Some mortgages have priority over other mortgages that another party might hold. The focus of each mortgage is typically established based on the date the mortgage was recorded. Thus, the first mortgage given on property is generally the first to be paid in a foreclosure event. There are many products offered by banks today that are variations of traditional mortgages.

They have the same legal effect as the traditional mortgage. Home equity lines are nothing more than open mortgages. A person can borrow against the equity in their home for a set period and up to a set amount, after which the borrowing period closes, and a traditional mortgage remains. Some banks will permit a borrower to pay only interest during the borrowing period on a home equity line. Others will require payment on principal and interest throughout the borrowing period. 

One alternative that is sometimes used by individuals selling land is called an Installment Land Contract. Under this method, a promissory note is given. Payments are made to the seller over time, but the deed is held back by the seller and only signed over to the buyer after the entire contract has been paid.

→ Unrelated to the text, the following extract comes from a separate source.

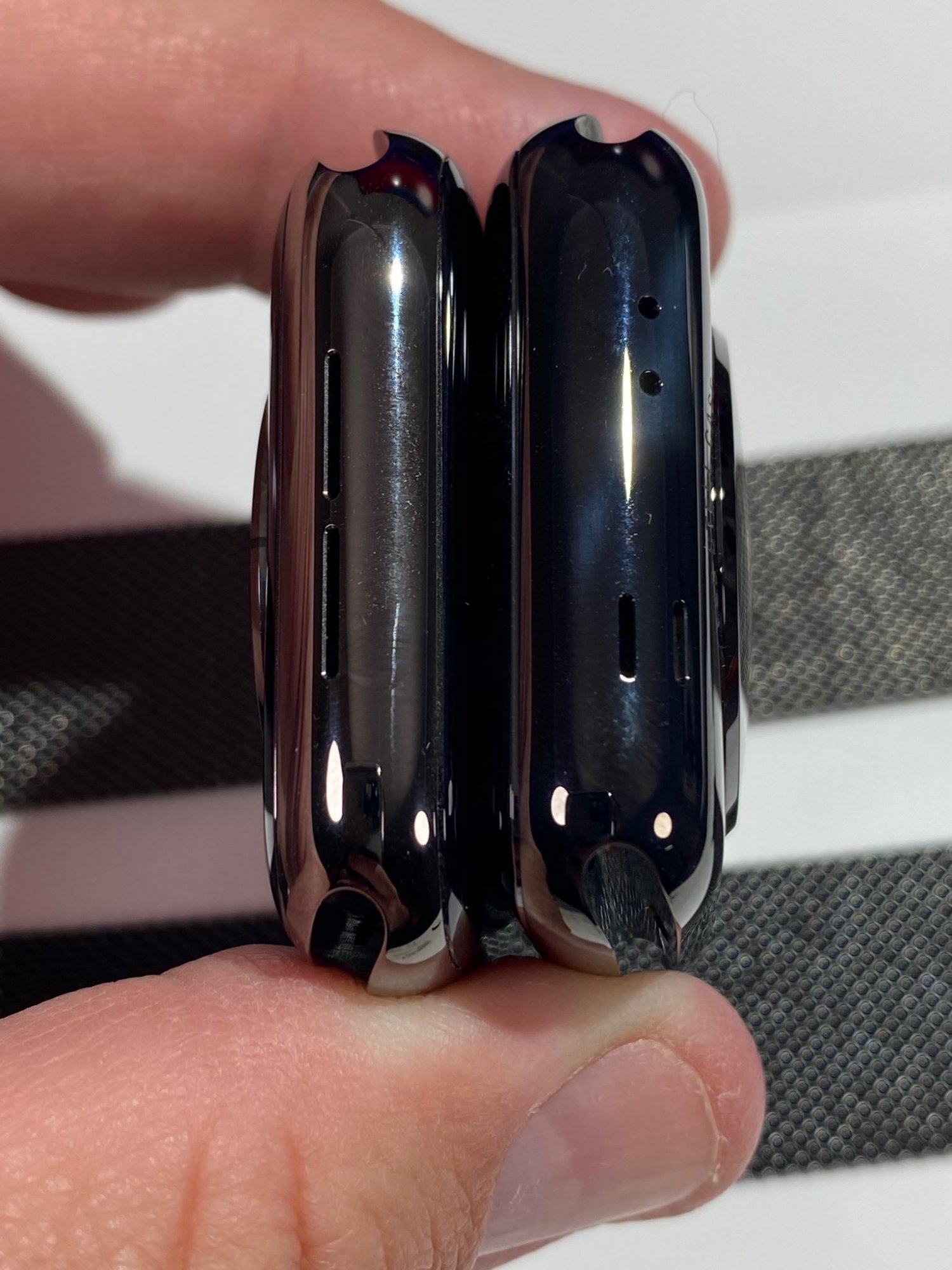 Hermès space black series 5 was black as heck, wet/ shiny looking and I loved it. Tbh I don’t even like shiny stuff much or piano black but it just looked luxe and rich. It’s hard to go back to aluminum, this time I ordered the blue and the space black Hermès44, wondering if it will come in the same all black packaging like last year. It seems like the black Hermès sport band is confirmed

The law of foreclosure refers to the process by which a mortgage holder can claim the property to recoup the money owed to them after a homeowner defaults on the mortgage. It is a complex process. By far, it is the most active area of real estate law in Maine’s Courts today.

The term “foreclosure” can be understood through the multi-step process used in Maine to take a property through a mortgage deed. Our law’s underlying goal is to provide every opportunity for the homeowner to redeem their interest in the property while giving the mortgage holder reasonable ability to protect their interest. Most private foreclosures are begun by sending a Notice to Cure to the delinquent borrower demanding payment within a set timeframe notifying the borrower of their rights and the fact that a Court action will be brought if payment is not received.

The Notice to Cure must contain particular language, or the entire foreclosure process will be undone. Thus, you must seek an experienced attorney to help you with this process. If the default is not cured by the time stated in the Notice to Cure, the mortgage holder will typically file a civil action to foreclose the property in the Maine Courts.

The foreclosure process in Maine is governed by statute and includes many specific deadlines. Once an action is filed, the borrower’s right of redemption begins to run. This is a period during which the borrower will be permitted to stop the foreclosure by correcting the default. Once the redemption period has expired, the borrower’s interest in the property is said to be foreclosed forever.

Although Court action is often necessary, other foreclosing methods are simpler and less costly to the parties. For instance, a party may give a Deed in Lieu of Foreclosure, whereby the borrower conveys the property to the mortgage holder to prevent the process of having to go through foreclosure and to ensure that the borrower will not have to pay any deficiency between the value of the property and the amount owed.

Once a property is foreclosed, the mortgage holder holds both legal and equitable title to the property. The property is then sold at a public auction after being published in a typical circulation paper in the county in which the property is located. If the property sells for more than is owed, any excess money must be paid according to the priority set by the Court in its foreclosure judgment.

If, after all of the mortgage interests are paid, money is left over, the money is paid to the borrower. If there is insufficient money from the sale to pay the whole debt, the borrower might face a “deficiency judgment.” Whereby they are still obligated to pay the remaining amount owed after the house sale.